Immich-go starts its work by getting the totality of the server's asset. It keep in memory the title of the asset, its date of capture and the file size in bytes.

Then it scans for JSON files. For each of them, it tries to find the asset file(s) related to it. The actual name and the date of capture are taken from the JSON, the file size from the files. Then the tuple File Name + Date of capture is searched among server's assets. Then the file size are compared. When Name, Date and size are matching, immich-go declare the server has already the file.

Deleting files from the album

In Immich, you have to remove the images from the album, then delete the image, and then empty the trash. I have been bitten by this several times. Is it your case?

MP support

MP files are not recognized by immich server, and are useless for live photos. The #82 explains the problem.

Files without JSON

This is the trickiest part of the google photos import. I have tried 2 different approaches so far:

1- scan assets (photos and movies) then search for a suitable JSON But some albums have JSON but the asset is in the Year folder. Albums was missing those after the upload.

2- scan JSON then search assets that could match each of them It seams to be the reasonable thing to do. At least albums are complete.

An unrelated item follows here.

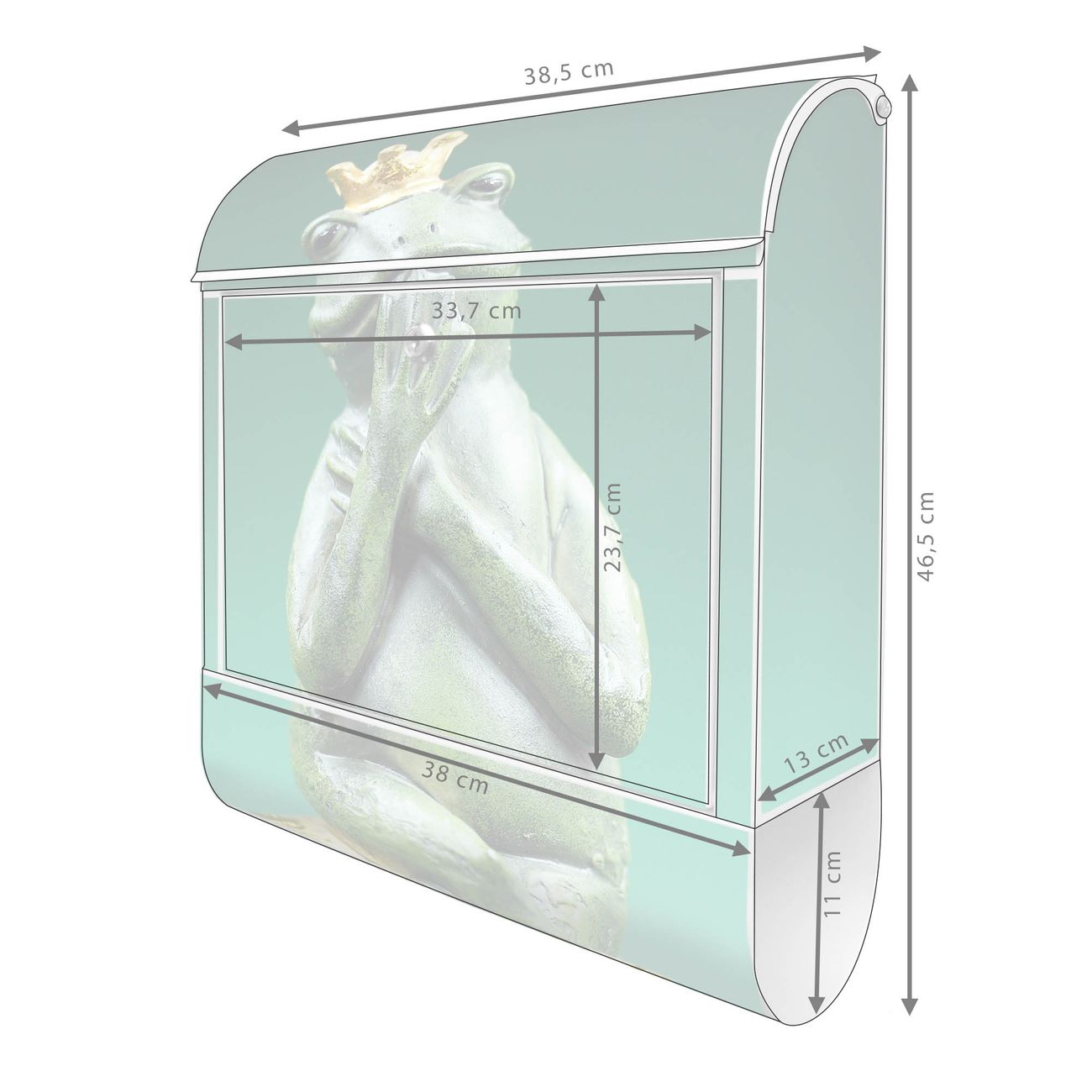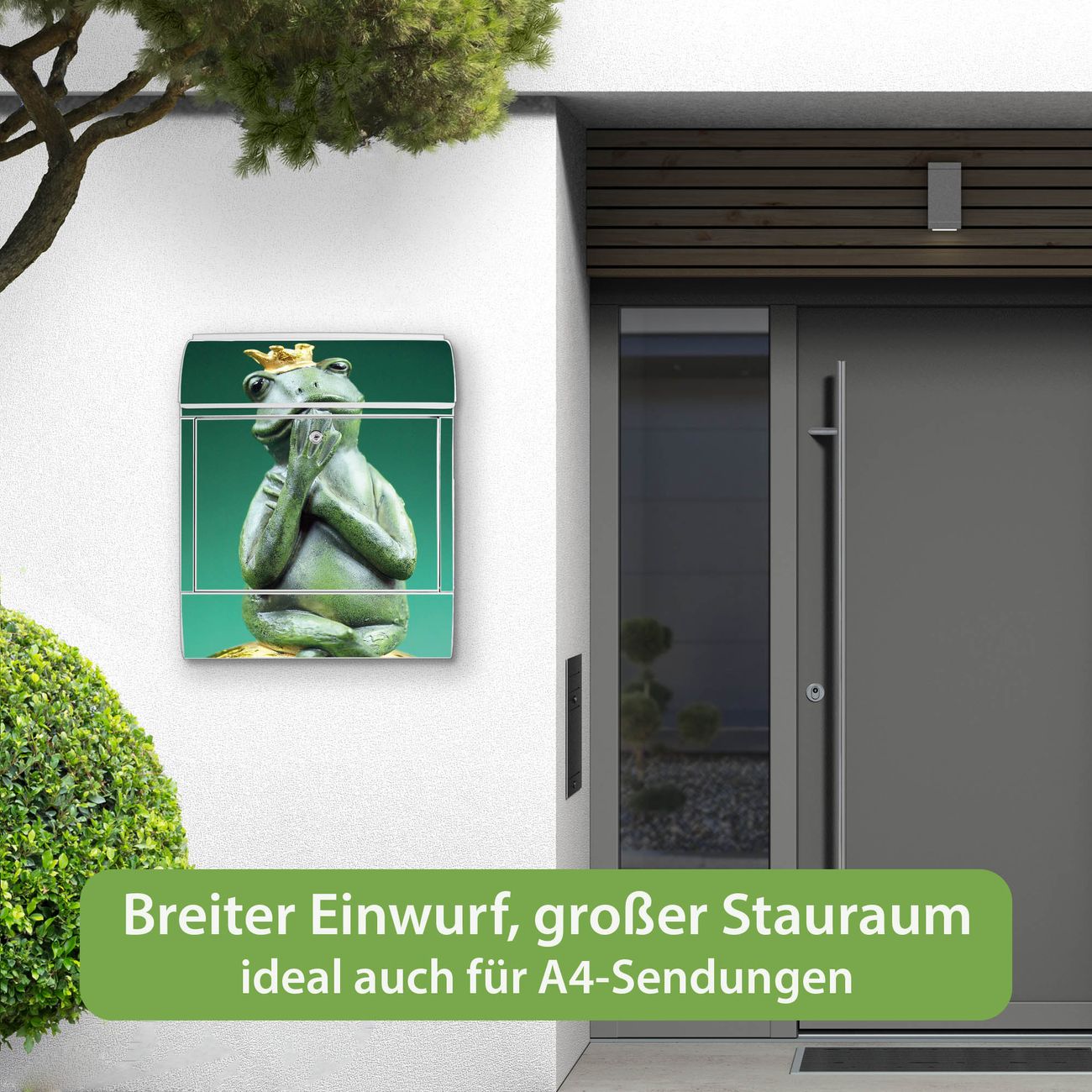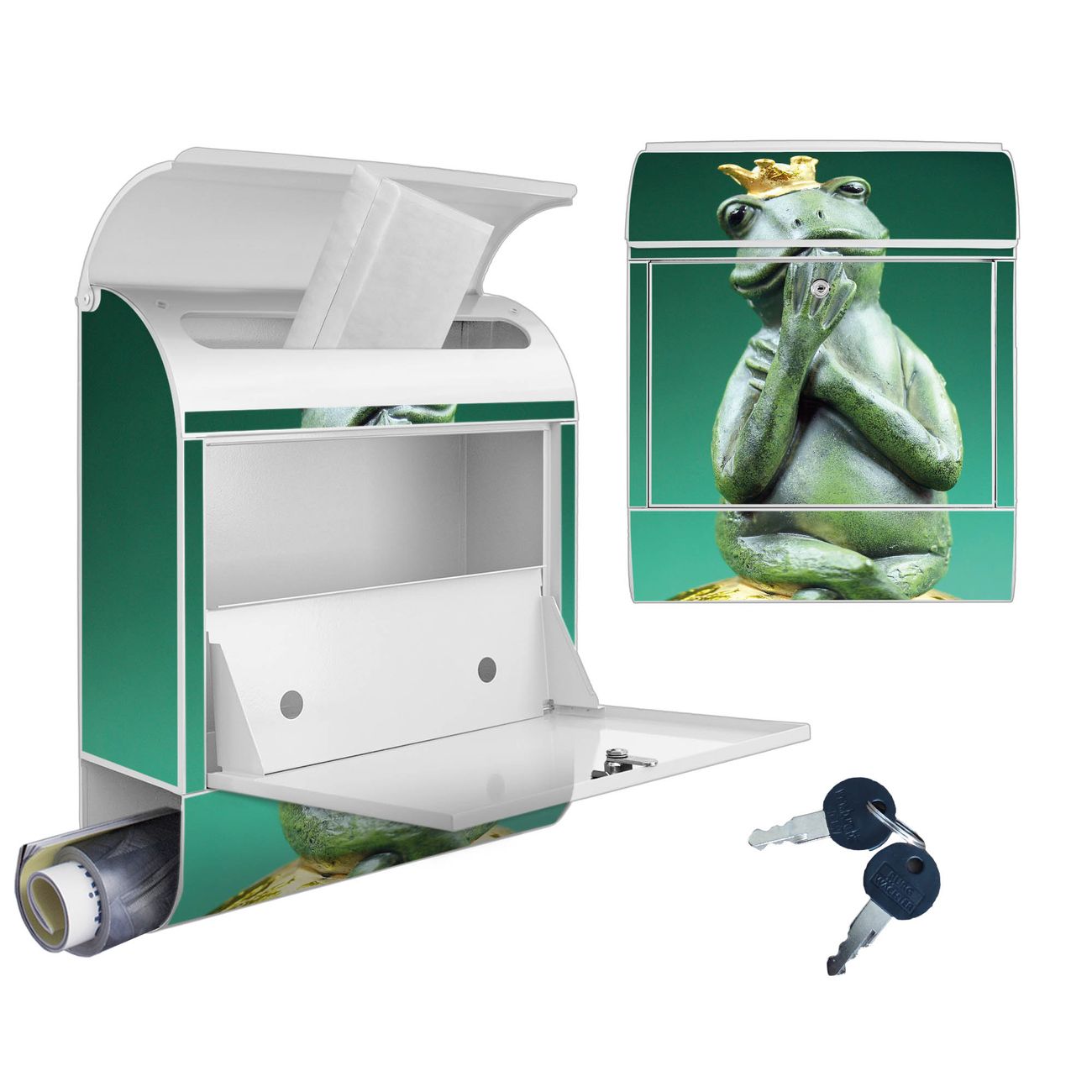 Motiv Froschkönig Nr. 10191 Material weiß pulverbeschichtetes Stahlblech Dekorfolie UV-beständig, wetterfest Gesamtgröße 38x47x13cm BxHxT Briefschlitz 33x3,5cm BxH Gewicht ca. 3,5 kg Zubehör Montagezubehör, 2 Schlüssel, Bohrschablone

But the rules that link the JSON with actual files aren't univoque. There are few basic rule that works for most of them. But they are wired cases when the name is shorter by one char, or when images has been edited in google photos. And this become totally insane with long file names... Alas the provided JSON doesn't give enough information for finding all files.

I have added lot of rules to address basic cases, exceptions, corner cases. Ssometime the rule for handling the exception of the exception interferes with a basic one, leading to mis association.

I'm wondering if I should give up finding the json for them, and just upload those files.

c0delama commented 11 months ago

ad) Files present in your server It might be an issue with Immich and not with the upload after all. The problem is, that i can't see those files in Immich. When i manually upload the photos, i'll end up with the same 5 (instead of 7) photos again. Interestingly the album claims that it contains 7 photos, while just 5 are shown.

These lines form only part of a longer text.